What on earth is a Lord?

Can you think of a word or phrase which has lost its meaning
            historic, literally, random

Sometimes it is because of overuse.
Sometimes it is because of loss of context.
There is a great book that is out at the moment called “Speaking Christian”
and it goes through a whole range of words that we often use in the church
and tries to re-capture what they mean, and what’s going on with them

As we get a little bit closer to Easter
with a time that the church across the world will echo with some of the traditional phrases
we are likely to hear, and even join in, one
that may be the prime suspect when it comes to a word that has largely lost its meaning.

“Jesus is Lord”

Let’s go sideways just for a minute …
For those of you who were here last week, I was mentioning one of the problems
when we sit on the surface of some of the scriptural stories
we can unintentionally trivialize their meaning

Using stories to claim that “Jesus is the Son of God”, for example,
just runs round in circles,
because generally when we say that we already have an idea fixed
about what the term “Son of God” means.

So if you think that “Son of God” means unique, specifically different, one and only
direct birth product of the male side of God who created the universe
then you read passages in a particular way.
But what happens if “Son of God” means “one of God’s people”
or what if it means “one in the line of God’s leaders”

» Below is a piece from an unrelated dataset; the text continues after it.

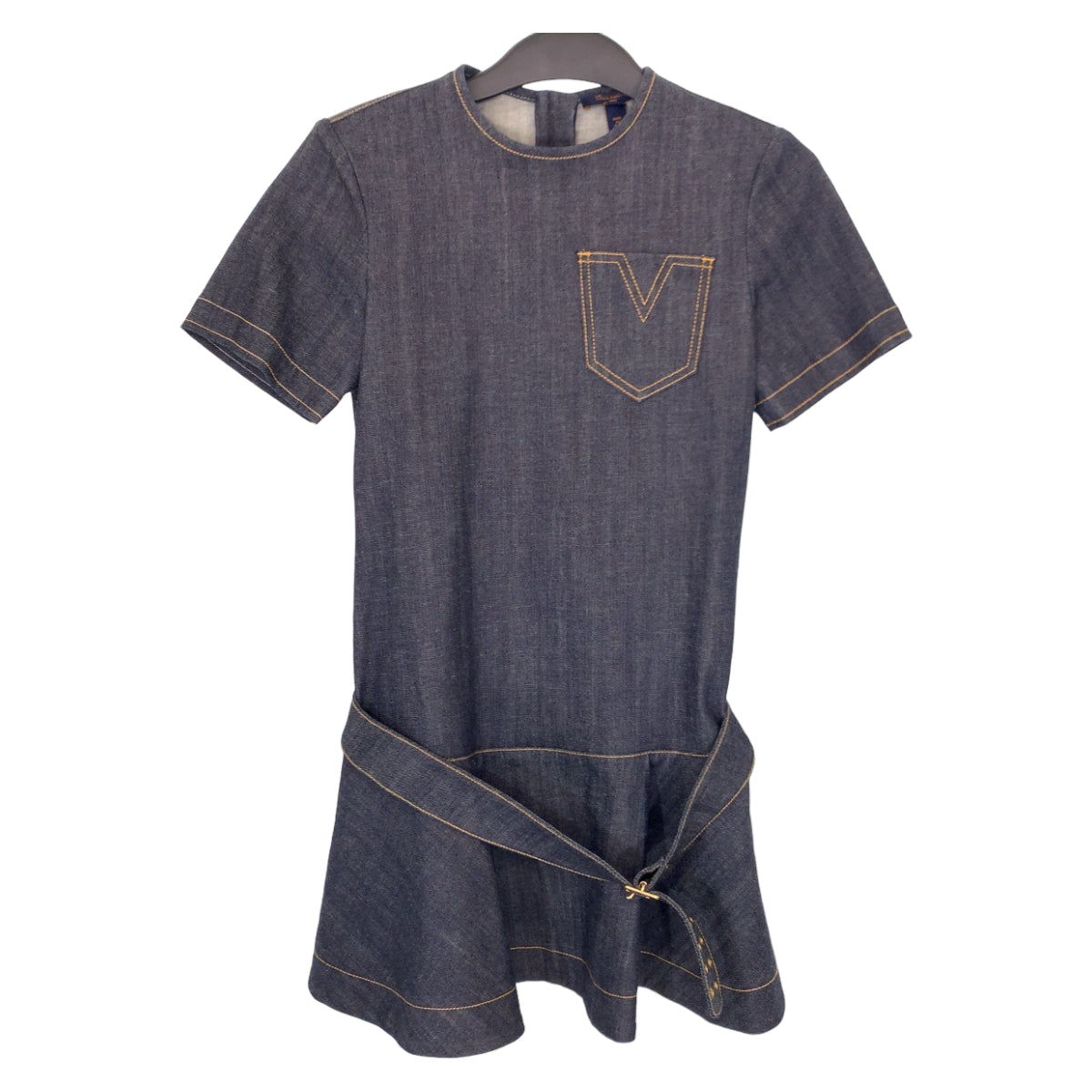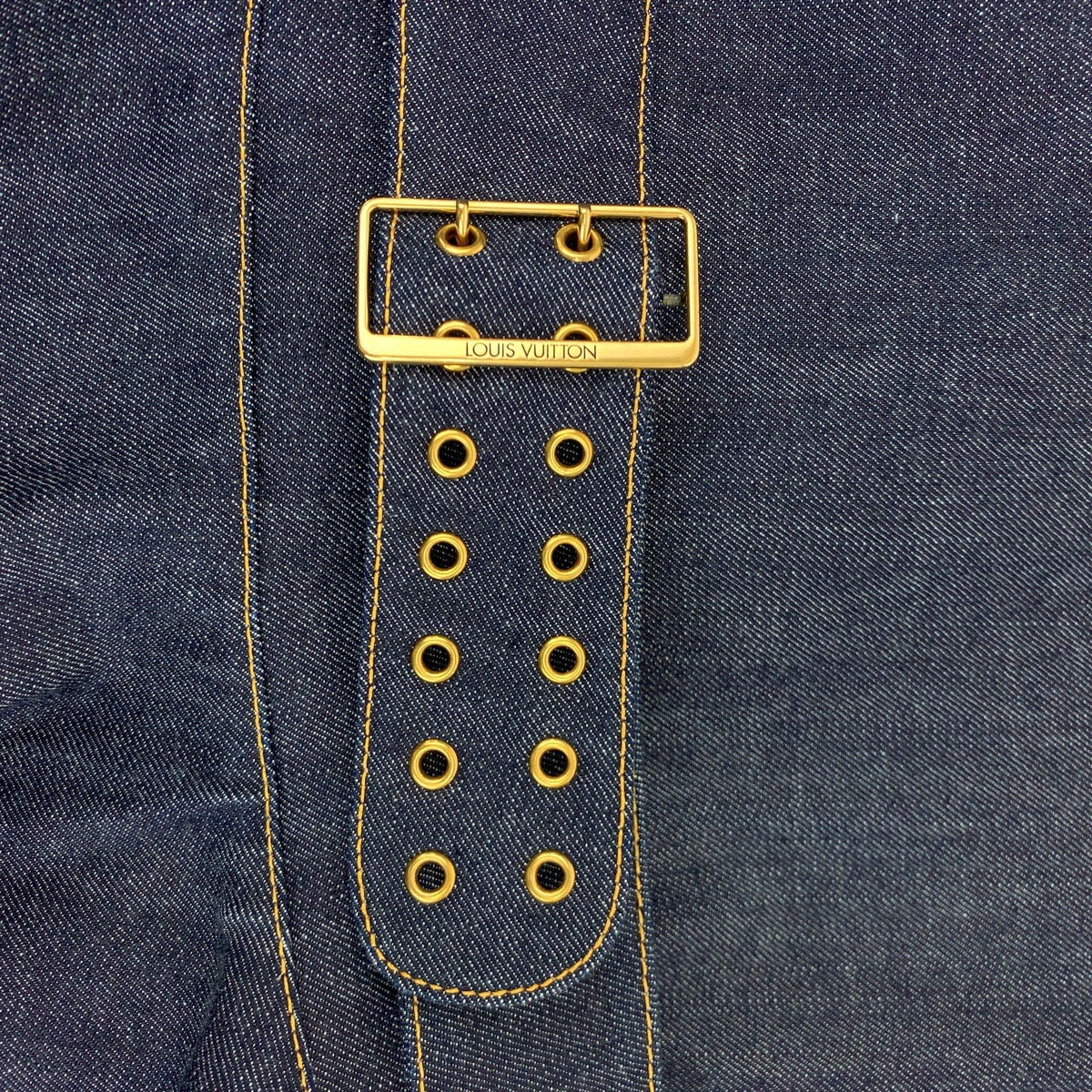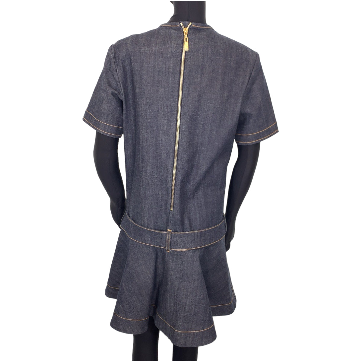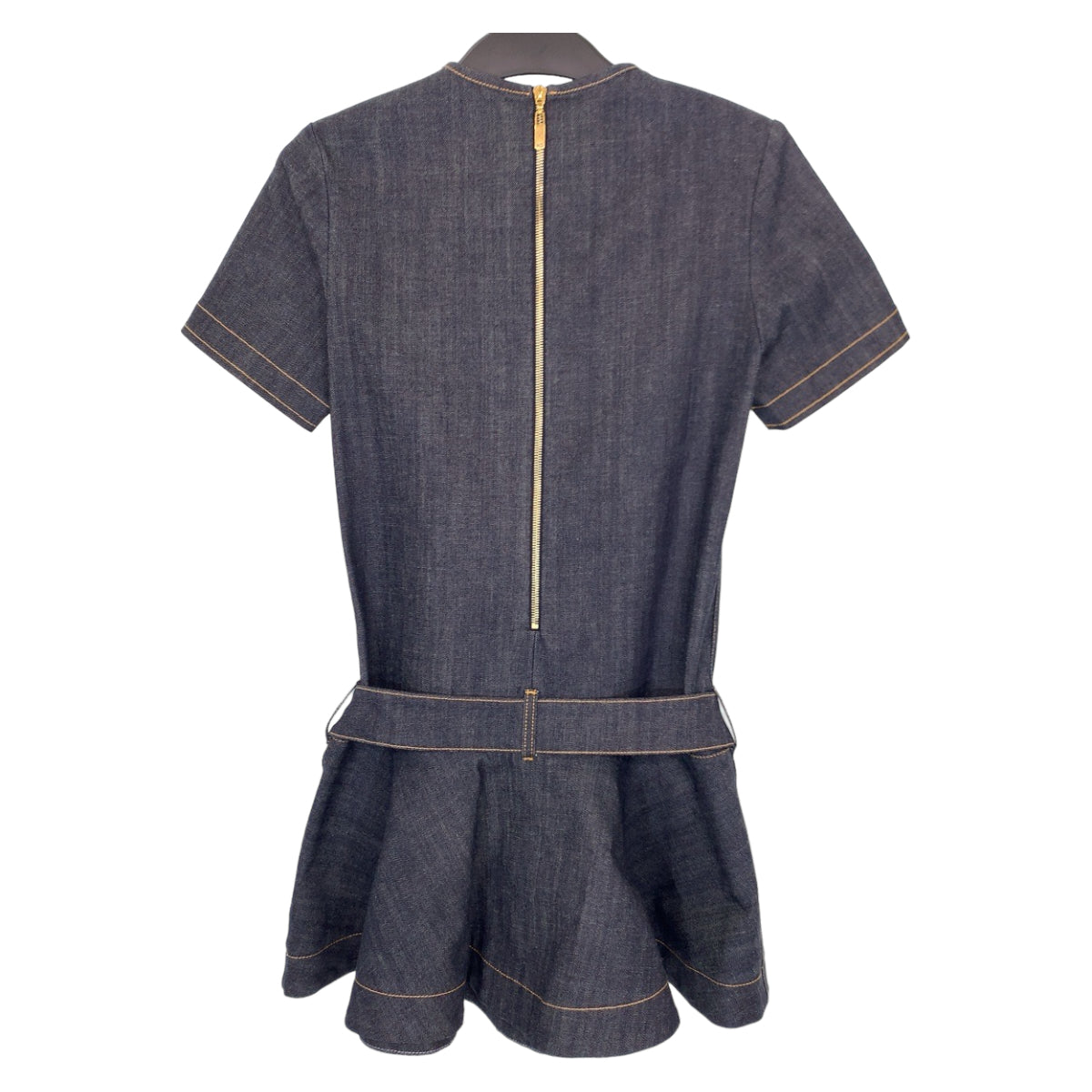 10359 LOUIS VUITTON ルイヴィトン Vステッチ サイズ38 ブルー インディゴ デニム RW181W FGK FEDR15 半袖 ワンピース ベルト付き レディース SA55

When we affirm Jesus is “son of God”, it might lead us in a different direction.
And the interesting thing is that scripture uses those meanings for “son of God
much more than it suggests anything about the literal lineage of a person –
including Jesus

Another term used of Jesus –
probably the most common one, and certainly the most common by Jesus –
is “son of man”.
Again – over time we have allowed one particular theology to intrude on top of this term

As I was reminded this week by Arto
Linguistically (both Hebrew and Aramaic, continuing to today’s usage in the Middle East)
the term really meant son of man = you, human being

And in the Old Testament, it is used with a sense of contrast with God,
not alignment with God.   God speaks to and through a mere “son of man”
So it looks to me that the idea of son of man, is about Jesus making it clear
that he is one of us.  He is human.

Now – back to where we were a few minutes ago.
What about “Jesus is Lord” 

I wonder how many people these days if they use the term “Jesus is Lord”
are thinking about making a deliberate ironic and subversive political statement
about the power of the empire.

Ironically, it is probably a term that is most commonly used
in the areas of the Christian church that are least known as political and subversive.
Maybe that’s all part of God’s great sense of humour

Keith Hopkins points out the idea that “Caesar is Lord” was the Roman imperial theology,
It was how Rome unified all its conquered lands: “
The stories told about emperors were the currency of the political system,
just as coins were the currency of the fiscal system.
The unity of a political system rests not only
in shared institutions, taxes, and military defenses,
but in shared symbols, in the minds of people.
Emperor cults, and all that they involved … provided the context
in which inhabitants of towns spread for hundreds of miles throughout the empire
could celebrate their membership of a single political order and their own place within it

In Roman theology, peace – pax Romana – comes though the roman way of life
with the Emperor at the top, and with the poor, the women, the slaves etc at the bottom
And Jesus comes along and invites people into a new way of being a community.
Collaboratively, equally, inclusively and peacefully

And the early followers of Jesus turn the Roman theology on its head
by ironically claiming the same symbol and terminology for their oppositve view:

Jesus is lord

One of the very early Christians, Justin Martyr said
“We who formerly valued above all things
the acquisition of wealth and possession,
now bring what we have into a common stock,
and communicate to everyone in need;
we who hated and destroyed one another,
and on account of their different manners would not live with men of a different tribe, now, since the coming of Christ, live familiarly with them,
and pray for our enemies.”

A statement “Jesus is Lord” says a lot more about the way that we live now
than it does about where will spend any time after living on this earth.
That is why as an act of faith, a small group of Christians, professing Jesus is Lord
were arrested as they prayed in the electoral office of the Minister for Immigration
regarding the treatment of asylum seekers.

It was an act of faith, acknowledging the “Lordship” of the way of Jesus.
Grounded, active and subversive faith.